Данила потерял интерес к схемам полупроводников и политэкономии, которой их пичкали в Политехническом. Он пристрастился к библиотекам, к букинистическим магазинам, где много интересного могло заваляться на полках. Его больше интересовала теперь историческая пыль, нежели перспективы современной электротехники.
Книги были живыми. Он научился читать их между строк.
И когда в читальном зале университета наткнулся на странного человека, он уже был готов…
Любой другой молодой человек, взять хотя бы его курс или вспомнить бывших одноклассников, принял бы такого человека за обычного городского сумасшедшего. Говорил он обрывочно и непривычно. Паузы затягивал. А уж глаза у него горели совершенно неистовым огнем. Петраков — так его звали.
Просто — Петраков, без имени и отчества.
Именно он рассказал в первый раз Даниле про Шамбалу, про живых богов, там обитающих, про японских монахов, доводящих себя до экстаза затем только, чтобы в момент самого высокого подъёма духа нарисовать иероглиф на белом листе…

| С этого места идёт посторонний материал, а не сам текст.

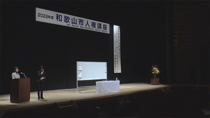 具体的な取り組みの一つとして、10月13日に和歌山城ホールで行われた「和歌山市人権講座」を参加者のインタビューなども交え紹介します。
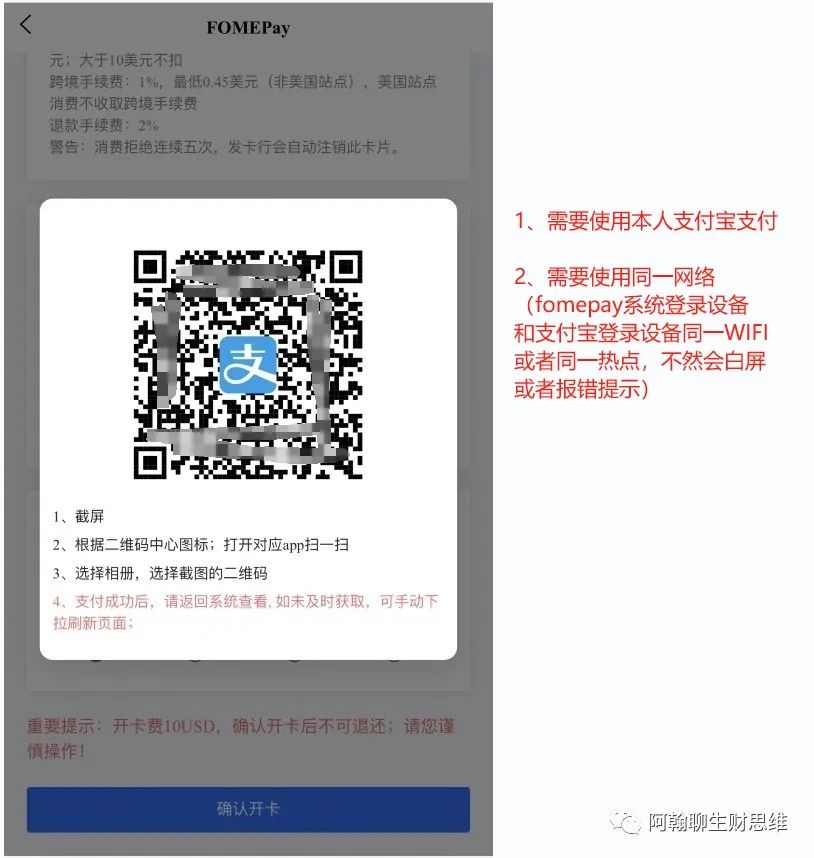 点击确认开卡后,把出现的支付宝二维码截图,然后打开自己的支付宝扫码支付即可。
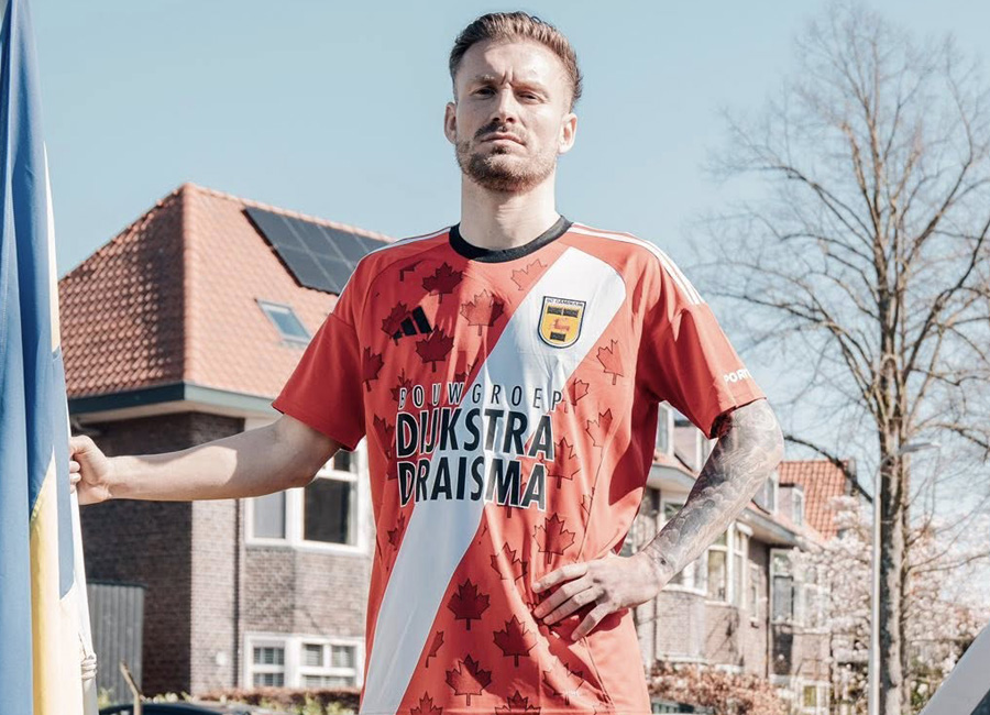The limited-edition shirt is designed by adidas and pays tribute to the regiment that helped liberate the city. Inspired by the Dragoons’ uniform, the red and white design features a diagonal sash effect with a pattern of red maple leaves across the front and sleeves. The regiment's emblem is placed below the collar on the upper back.
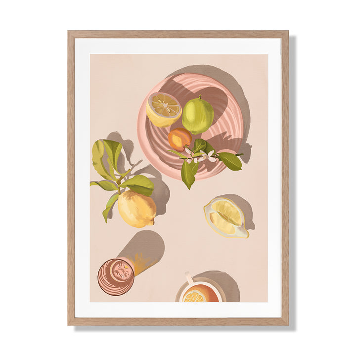 Citron Art Print - A glimpse into the other side of a freshly squeezed glass of lemonade, this piece brings a light energy to your space with softened textures and colours. Against a muted pink backdrop, bright yellow and lime green shades pop, with some dark green, a hint of orange, and a darker pink used to tie everything together for the ultimate fresh summer feel. Shadows help add depth to the artwork, whilst reminding you of the comforting warmth of a hot summer's day.
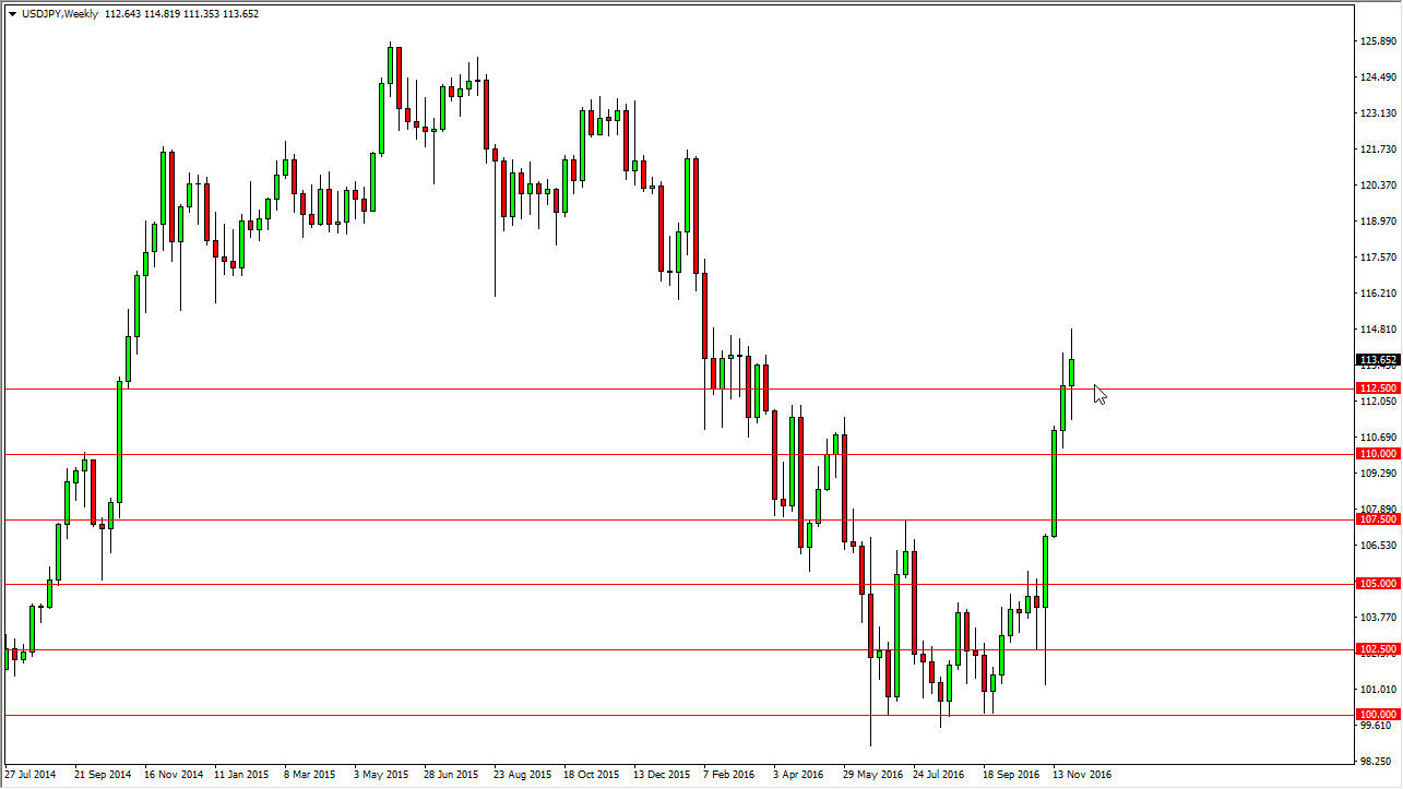 The USD/JPY pair went back and forth during the week, as we continue to see quite a bit of volatility. This is a market that is overbought at the moment
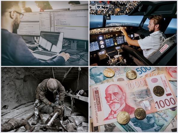 Definitivno najplaćeniji u Srbiji bili su programeri. Primili su u proseku 173.628 dinara. Drugi na listi su zaposleni u vazdušnom saobraćaju, čija je zarada iznosila 148.208 dinara. Zaradu od 128.446 dinara donosila je ekspolatacija sirove nafte i prirodnog gasa. Oni koji su to radili bili su nepunu hiljadu plaćeniji od angažovanih na naučnom istraživanju i razvoju, koji su zaradili 127.901 dinara. Prosek duvandžija je bio nešto slabiji i iznosio je 120.662 dinara. Uslužne delatnosti u rudarstvu i geološkim istraživanjima obezbedile su platu od 114.430 dinara.
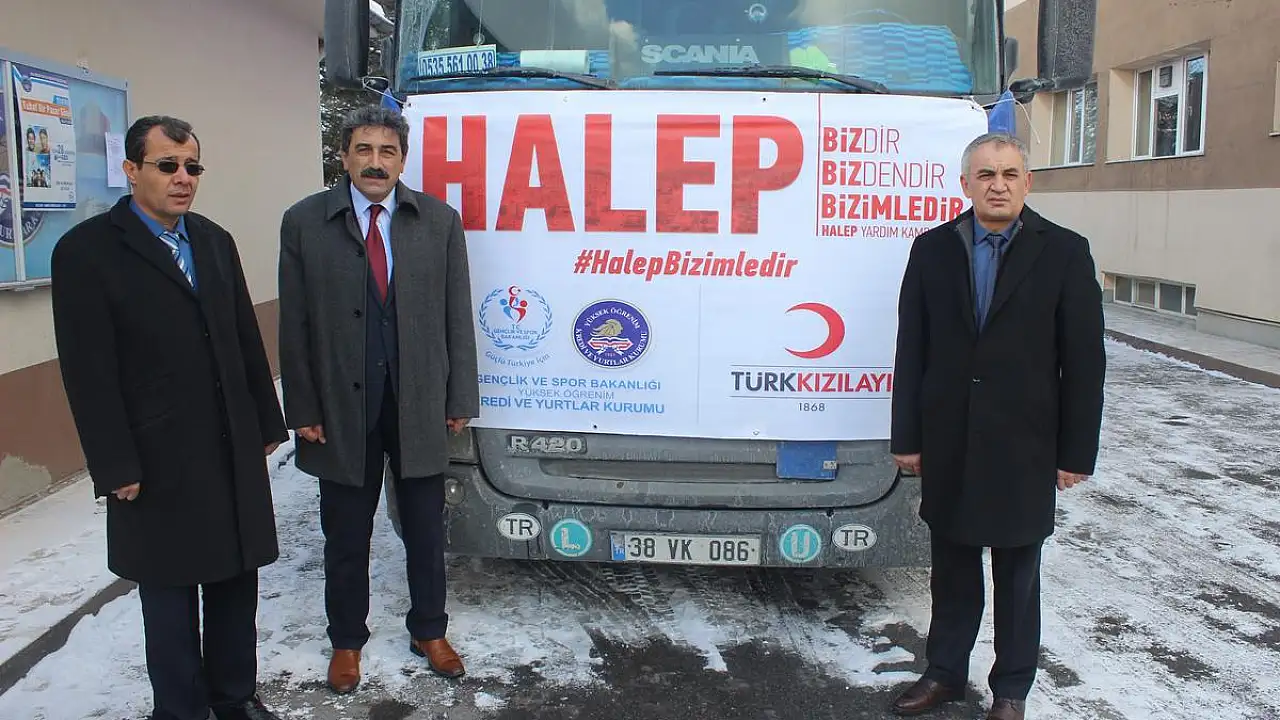 KYK'nın Kayseri'de bulunan 8 yurdunda kalan 6 bin öğrencinin, 'Halep bizdir, Halep bizdendir, Halep bizimledir' yardım kampanyası çerçevesinde topladıkları malzemeler, düzenlenen tören ile Halep'e uğurlandı. Yardım kampanyası hakkında bilgiler veren KYK İl Müdürü Sakin Terzi, öğrenciler ile gurur duyduğunu söyledi. Terzi, "Kredi Yurtlar Genel Müdürlüğü ve Kızılayın ortak programı olarak yurtlarımızda kalan öğrencilerimizde bir farkındalık yaratmak amacıyla düzenlediğimiz 'Halep bizdir, Halep bizdendir, Halep bizimledir' yardım kampanyası adı altında yurtlarımızda kalan öğrenciler önce kendi imkanları ile cep harçlıklarından biriktirdikleri paralar ile, daha sonrada bir komitede grup olup Kayserili hayırseverlere giderek yapmış oldukları yardımlarla beraber 25 ton civarında malzemeyi 1 TIR ile beraber Halep'teki kardeşlerimize göndermek için yola çıkacaktır. Ben buradan öğrencilerimize teşekkür ediyorum" ifadelerini kullandı.
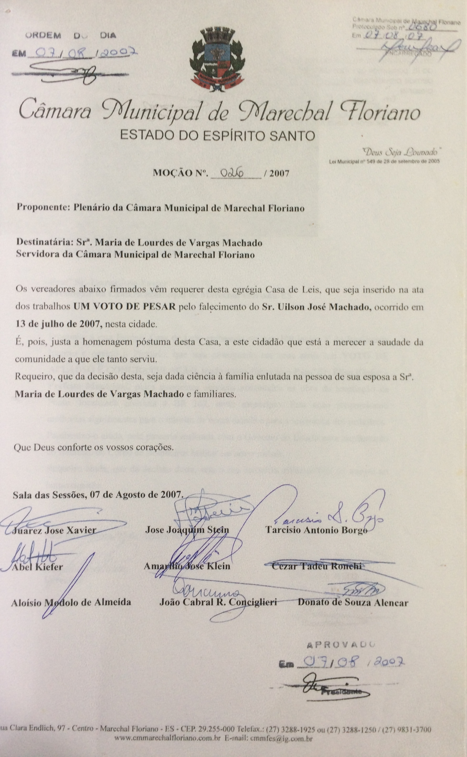 Ementa: MOÇÃO DE PESAR PELO FALECIMENTO DO SR. UILSON JOSÉ MACHADO, OCORRIDO EM 13 DE JULHO DE 2007.

— Сначала было слово, — твердил Петраков. — А значит, первичны идея, мысль… У Бога тысяча имен. Но никто не знает самого сокровенного. А если подняться туда, где дух свободен и полностью оторван от грешной земли, и спросить там, будучи у самого его подножия, это имя, а вернувшись, написать его, то…
У Данилы захватывало дух. Он выучился специальному дыханию. Он закрывал глаза и часами мог сидеть неподвижно, в ожидании прозрения. Мог бы сидеть, но не сидел. Тетушка, однажды застав его за таким странным занятием, переполошилась не на шутку. Пришлось бросить все силы на то, чтобы подобрать хвосты в институте, успокоить ее, товарищей, преподавателей. Данила чувствовал себя разведчиком, заброшенным в чужую страну с чуждой моралью, мировоззрением, вероисповеданием. Он был вынужден притворяться. Играть обычного мальчика. Тогда как мысли его были далеко — у подножия Бога…
Он закончил все-таки институт, поступил на работу. И мечтал только об одном, чтобы была у него отдельная жилплощадь, куда никто не сунется неожиданно и не спросит: «Чем это ты занимаешься?» Он представлял многочасовые плавания в нирване, полную тишину, преображение… Но площадь ему не дали. Устроен он был не хуже всех, чего греха таить. И тогда он решился бежать…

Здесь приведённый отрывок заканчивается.